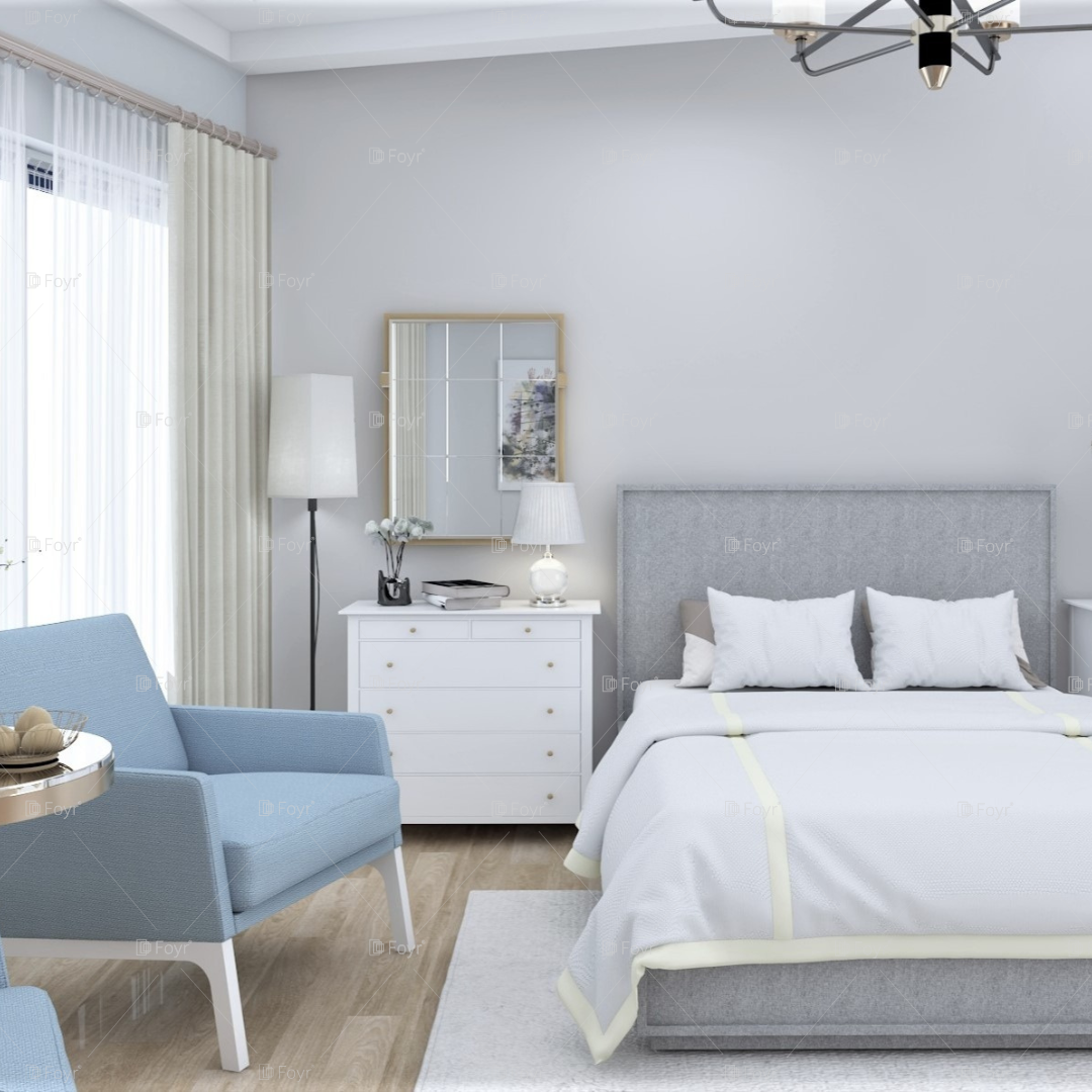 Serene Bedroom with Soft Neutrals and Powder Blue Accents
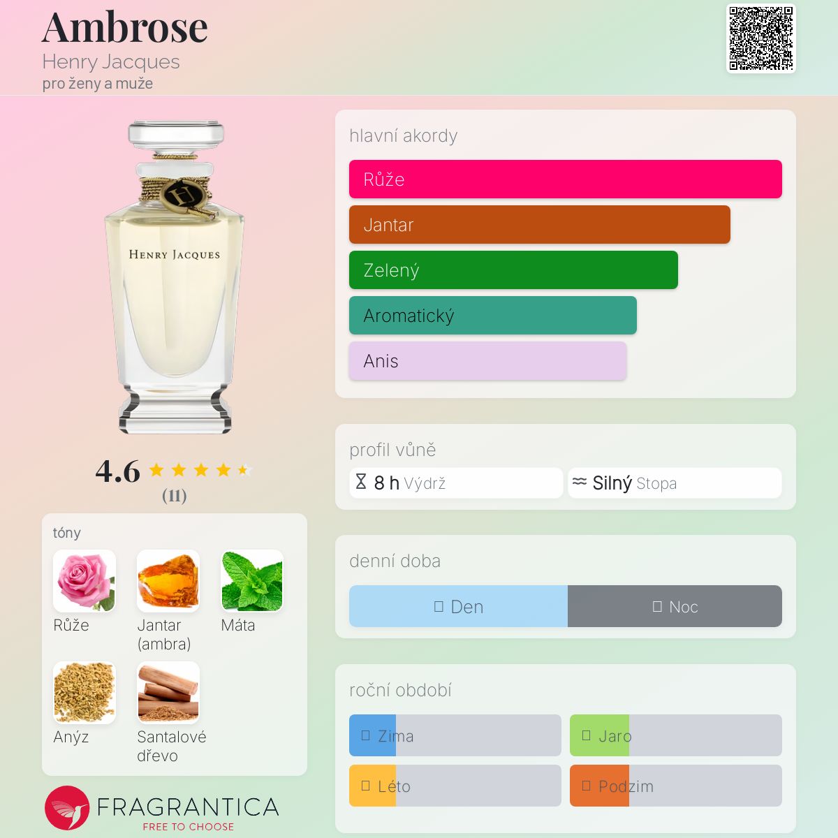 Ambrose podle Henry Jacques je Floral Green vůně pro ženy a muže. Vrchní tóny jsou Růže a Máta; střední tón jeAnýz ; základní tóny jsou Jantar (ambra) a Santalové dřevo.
---------------
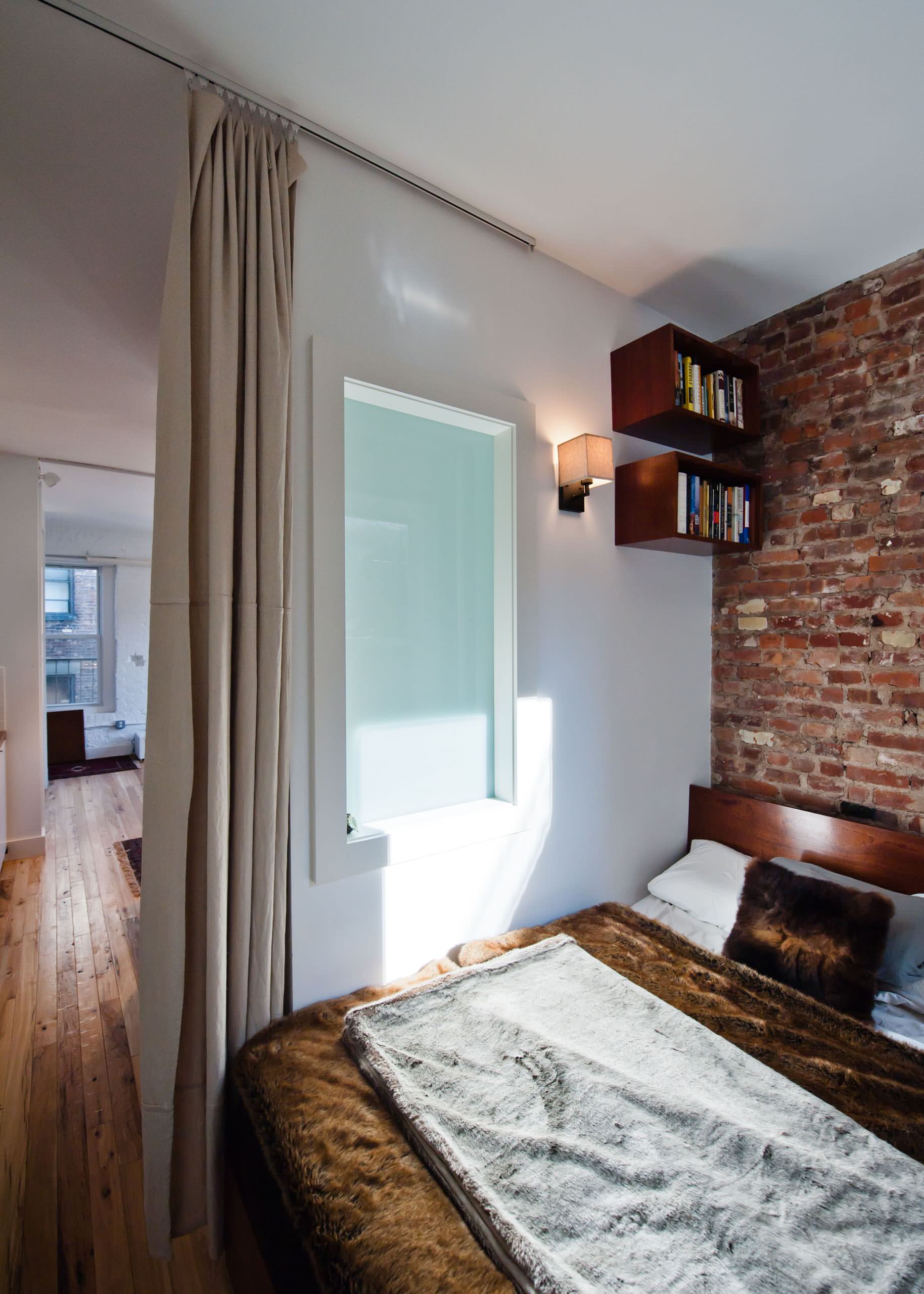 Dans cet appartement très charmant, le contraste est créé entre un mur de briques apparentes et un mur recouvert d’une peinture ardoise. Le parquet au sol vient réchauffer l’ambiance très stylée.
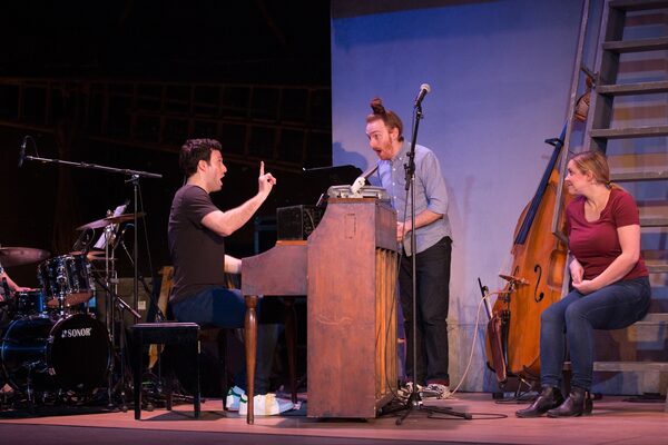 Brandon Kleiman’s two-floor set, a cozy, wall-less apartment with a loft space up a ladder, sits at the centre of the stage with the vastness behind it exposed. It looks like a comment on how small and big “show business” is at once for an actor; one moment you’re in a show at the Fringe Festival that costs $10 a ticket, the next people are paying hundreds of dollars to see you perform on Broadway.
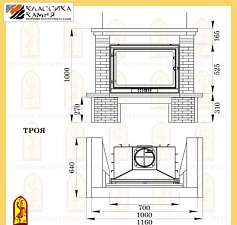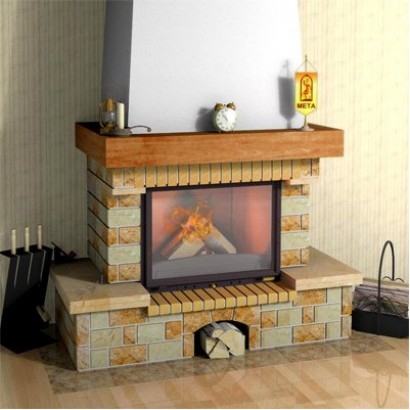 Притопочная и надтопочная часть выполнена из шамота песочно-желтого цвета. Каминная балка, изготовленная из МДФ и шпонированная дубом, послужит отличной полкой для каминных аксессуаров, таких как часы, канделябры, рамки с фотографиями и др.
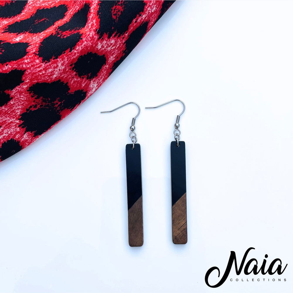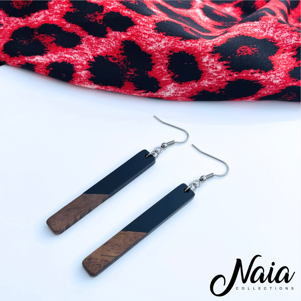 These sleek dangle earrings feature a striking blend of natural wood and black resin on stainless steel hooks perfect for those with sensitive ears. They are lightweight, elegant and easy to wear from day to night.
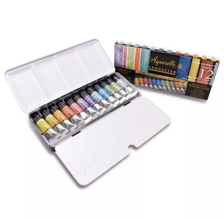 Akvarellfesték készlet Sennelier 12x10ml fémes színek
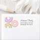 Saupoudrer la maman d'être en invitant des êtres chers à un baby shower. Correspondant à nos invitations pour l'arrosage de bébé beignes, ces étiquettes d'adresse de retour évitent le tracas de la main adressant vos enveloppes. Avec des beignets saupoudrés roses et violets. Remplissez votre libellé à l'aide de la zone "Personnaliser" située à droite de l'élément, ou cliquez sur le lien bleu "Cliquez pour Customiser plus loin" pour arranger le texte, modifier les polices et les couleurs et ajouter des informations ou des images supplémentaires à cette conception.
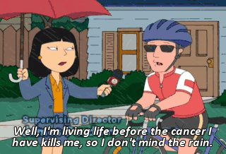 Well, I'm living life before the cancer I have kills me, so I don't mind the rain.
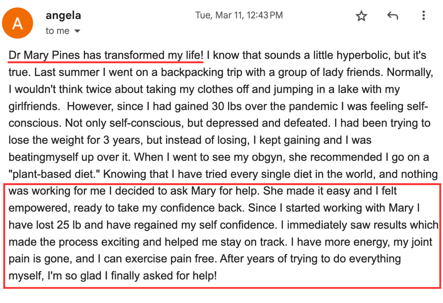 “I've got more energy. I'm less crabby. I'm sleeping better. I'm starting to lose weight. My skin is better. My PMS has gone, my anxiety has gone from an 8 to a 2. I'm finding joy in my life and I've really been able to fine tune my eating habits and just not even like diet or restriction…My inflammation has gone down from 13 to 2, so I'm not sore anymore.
---------------
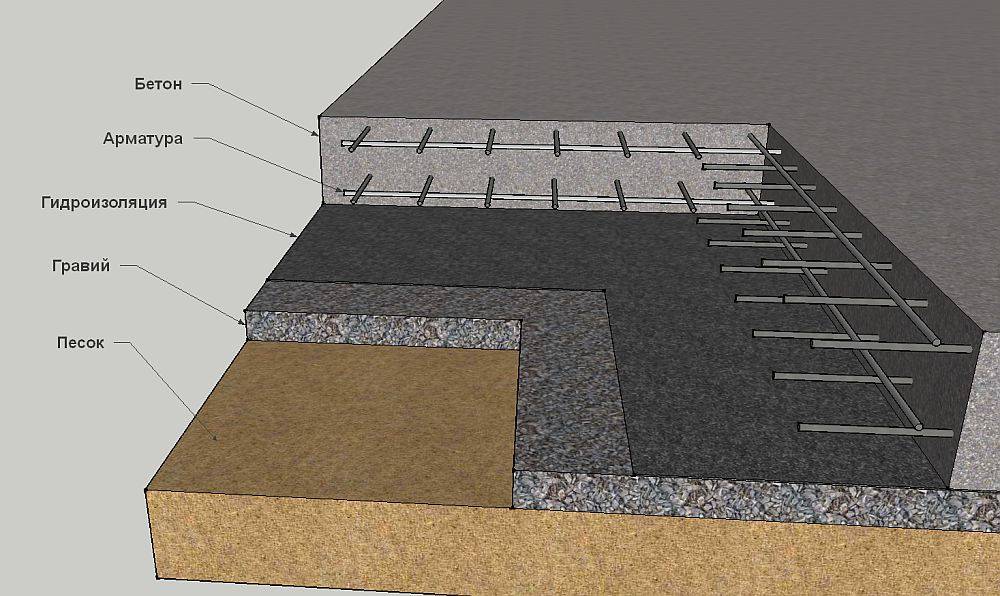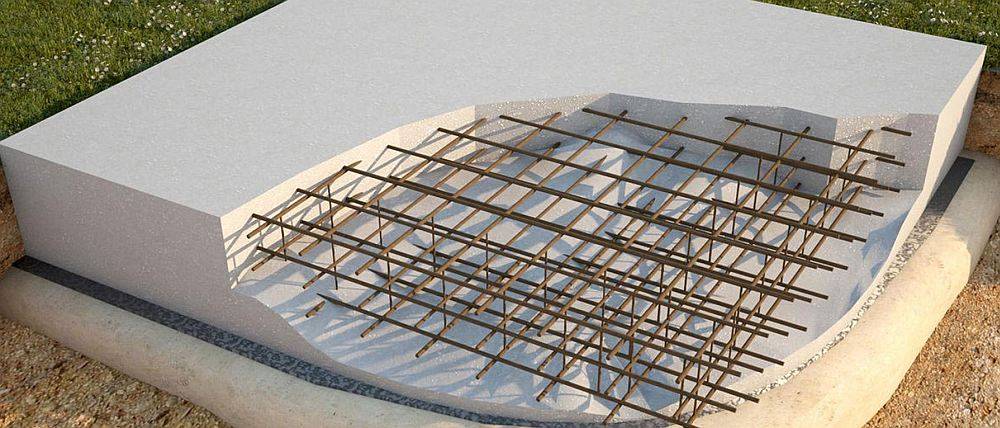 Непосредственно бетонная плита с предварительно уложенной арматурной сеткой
---------------
# [What is needed]
Exactly the lines starting at the one above with "Притопочная и надтопочная" and ending at the one with "Well, I'm living" should be printed, and nothing else. Omit the pictures.

# [Result of the exercise]
 Притопочная и надтопочная часть выполнена из шамота песочно-желтого цвета. Каминная балка, изготовленная из МДФ и шпонированная дубом, послужит отличной полкой для каминных аксессуаров, таких как часы, канделябры, рамки с фотографиями и др.
 These sleek dangle earrings feature a striking blend of natural wood and black resin on stainless steel hooks perfect for those with sensitive ears. They are lightweight, elegant and easy to wear from day to night.
 Akvarellfesték készlet Sennelier 12x10ml fémes színek
 Saupoudrer la maman d'être en invitant des êtres chers à un baby shower. Correspondant à nos invitations pour l'arrosage de bébé beignes, ces étiquettes d'adresse de retour évitent le tracas de la main adressant vos enveloppes. Avec des beignets saupoudrés roses et violets. Remplissez votre libellé à l'aide de la zone "Personnaliser" située à droite de l'élément, ou cliquez sur le lien bleu "Cliquez pour Customiser plus loin" pour arranger le texte, modifier les polices et les couleurs et ajouter des informations ou des images supplémentaires à cette conception.
 Well, I'm living life before the cancer I have kills me, so I don't mind the rain.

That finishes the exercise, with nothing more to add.